Love Serenade is a 1996 Australian comedy film written and directed by Shirley Barrett. It has the tagline: "Two sisters will do anything to hook the right man".

There are not many characters in Love Serenade, which is set in a fictitious, almost-deserted town called Sunray, located on the Murray River. It is a thinly disguised version of Robinvale, Victoria, which was the location of the film.

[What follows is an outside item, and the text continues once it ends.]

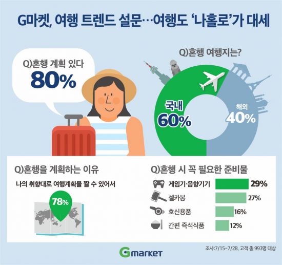 1일 G마켓이 최근 2주(7월15~28일) 동안 총 993명의 고객을 대상으로 '나홀로 여행'에 대한 설문조사를 실시한 결과, 전체 응답자 중 80%가 앞으로 혼행을 떠날 계획이 있는 것으로 조사됐다. 이미 혼행 경험이 있다고 답한 참여자도 61%에 달했다.

The film is about a pair of sisters, Dimity (Miranda Otto) and Vicki-Ann (Rebecca Frith), who share a house. Dimity, the shy and insecure sibling, is a waitress at a local Chinese restaurant. Vicki-Ann, the brash one, is a hair stylist. Both are looking for love, although the prospects in Sunray seem bleak, at best. That is, until Ken Sherry (George Shetsov), a thrice divorced Brisbane DJ personality, moves into the house next door.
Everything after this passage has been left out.